政局のにおい 4月24日

ようやく実現にこぎつけた日中首脳会談は、例によって補選のための国内政治向けのパフォーマンスだった。村山談話を持ち出し、なんとか首脳会談を行なったということを除いては、殆ど無意味な会談だった。靖国参拝については、適切に判断するとしか言えなかった小泉首相。今回の反日デモのみによって、方針を変えるわけにはいかないのだろうが、小泉総理にとって、靖国参拝は時限爆弾となった。それにしても、靖国参拝によって失ったものは、あまりにも大きい。

今日の衆院補選の結果によっては、小泉総理の任期もあとわずかになるかもしれない。新しい総理は、米国オンリーではなく、アジア諸国とも大人の外交を展開できる人でなければならない。

補選の結果を受けて、明日からは自民党内での郵政民営化に対する議論も山場を迎える。
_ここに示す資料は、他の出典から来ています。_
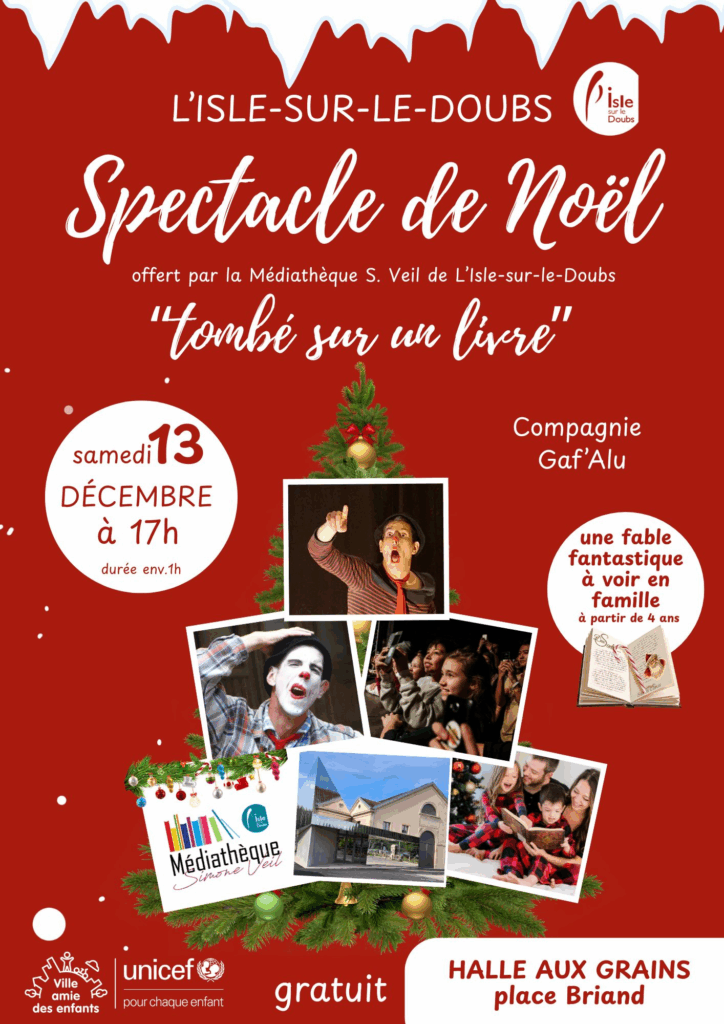 ➩ L’Isle-sur-le-Doubs – Spectacle de noël « tombé sur un livre » à la halle aux grains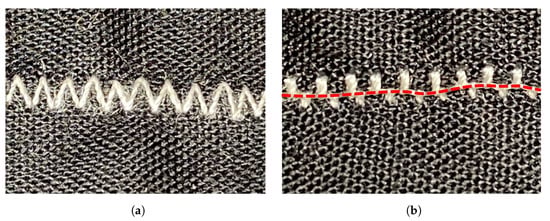 (a) A zigzag stitch is observed on the upper side of the fabric. (b) The same zigzag stitch as observed on the bottom side of the fabric. The dashed red line shows the bobbin thread.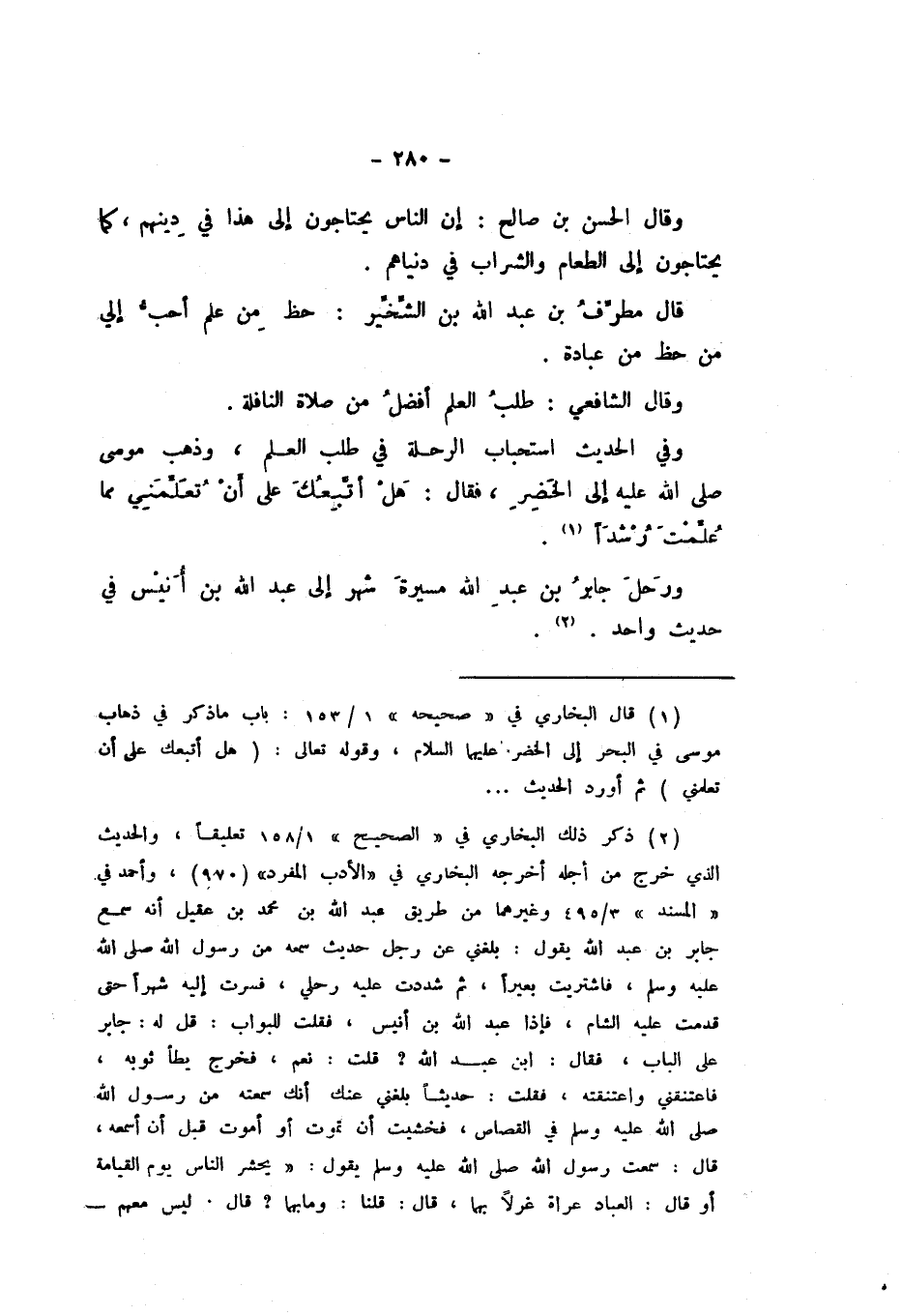 وَرَحَلَ جَابِرُ بْنُ عَبْدِ اللَّهِ مَسِيرَةَ شَهْرٍ إِلَى عَبْدِ اللَّهِ بْنِ أُنَيْسٍ فِي حَدِيثٍ وَاحِدٍ.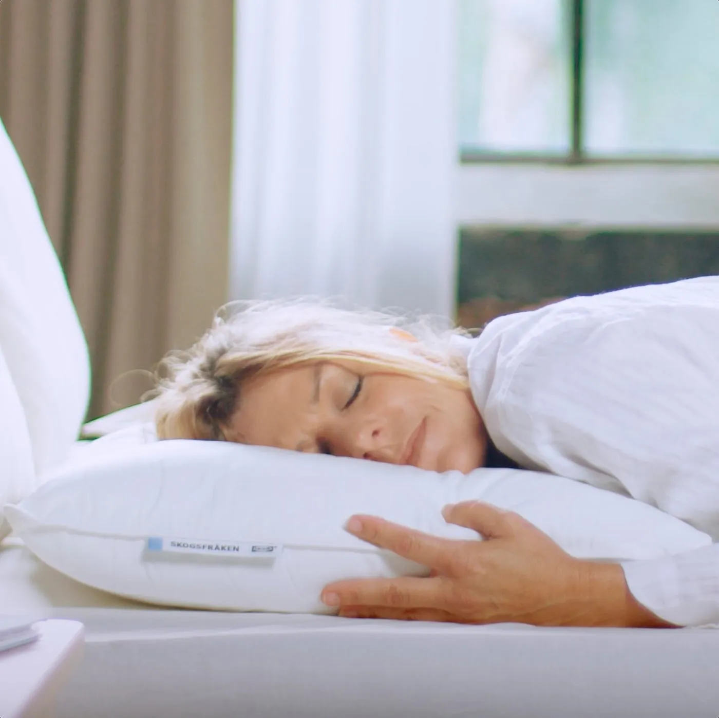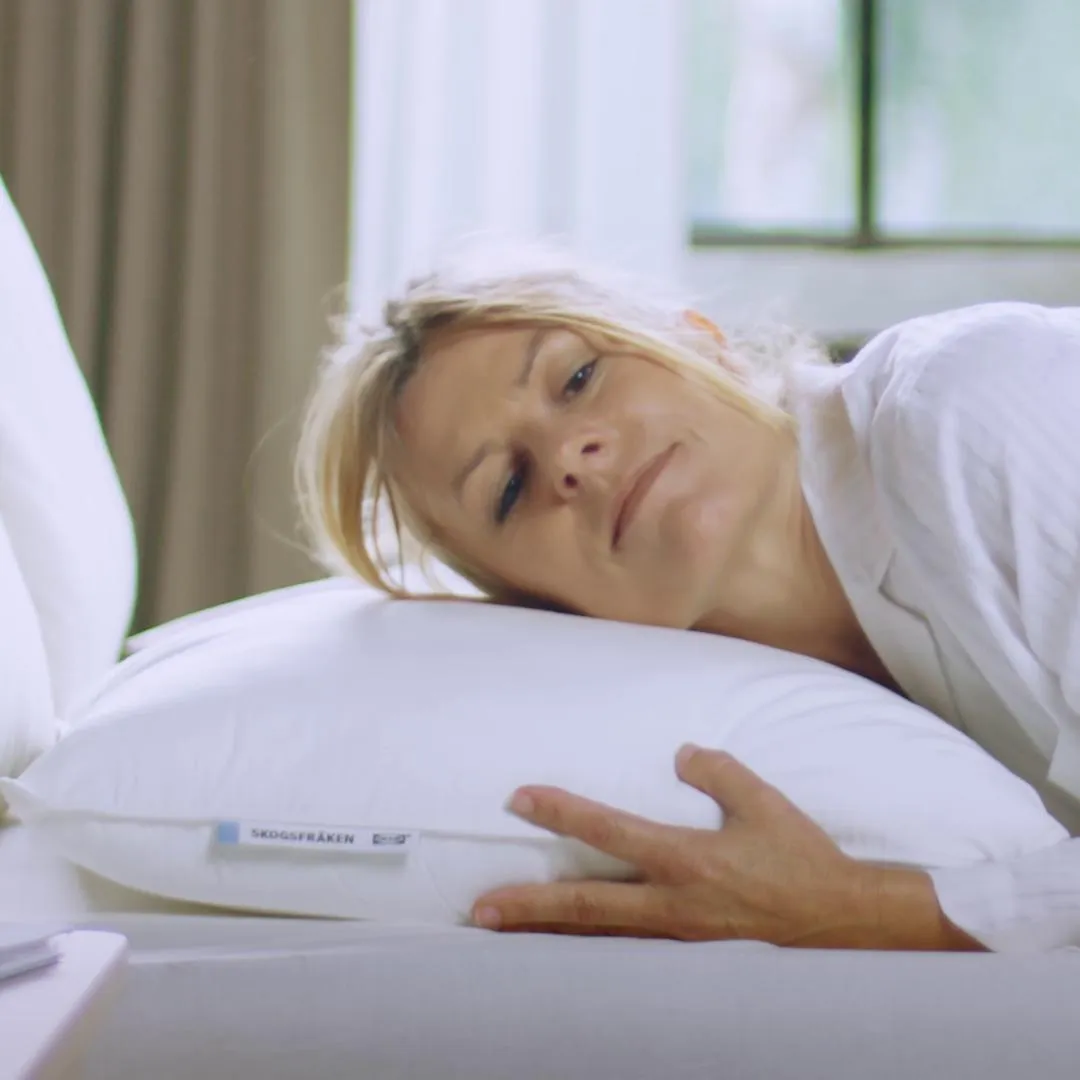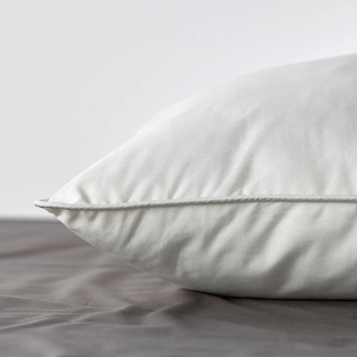 Низкая, простая в уходе подушка с тканью из смеси хлопка и лиоцелла, наполненная пустотелыми волокнами из переработанных источников.

小泉総理の顔をたてて、郵政民営化法案が可決成立することになったら、いよいよ日本は米国の餌食となる。小泉総理と竹中平蔵大臣、そして規制改革・民間開放推進会議議長であるオリックスの宮内氏は、明らかに、日本を米国に売り渡そうとしている!

竹中氏の言うように、郵便事業から貯金と保険を切り離し、簡易保険会社を完全に民間に移行するということは、それはつまり、米国巨大資本に買収させることに等しい。小泉流の郵政民営化を最も待ち望んでいるのは、米国企業であるアリコやアメリカンファミリーだ。彼らは、日本の生命保険市場の独占を狙っている。

折りしも、M&Aに対する企業防衛が重要視される時代に突入した日本にあって、何故、あえて「郵便貯金銀行」と「保険会社」を民営化しなければならないのか。民営化されるということは、当たり前だが郵政3事業それぞれの株式が上場されることを意味する。小泉総理や竹中大臣が、それに気付いていないわけがない。彼らは、米国に日本を売り渡すことにやぶさかではない人たちなのだ。ホリエモンが言っていたじゃないか、「買収されたくなければ、上場しなきゃいいんですよ」と。上場するということは、「買収してもいいですよ」ということなのだ。

本当にこのまま、郵政民営化が推し進められて良いのか?自民党内の反対派の抵抗だけに終わらせることなく、民主党も民営化反対の議論に加わらなければならない。自民党と民主党の垣根を越えて、民営化ではない形での郵政公社発展の論陣をはることが必要であり、それが政局の潮目となり小泉政権打倒へとつながっていくと、歴史的に意味のある成果をもたらすことになるかもしれない。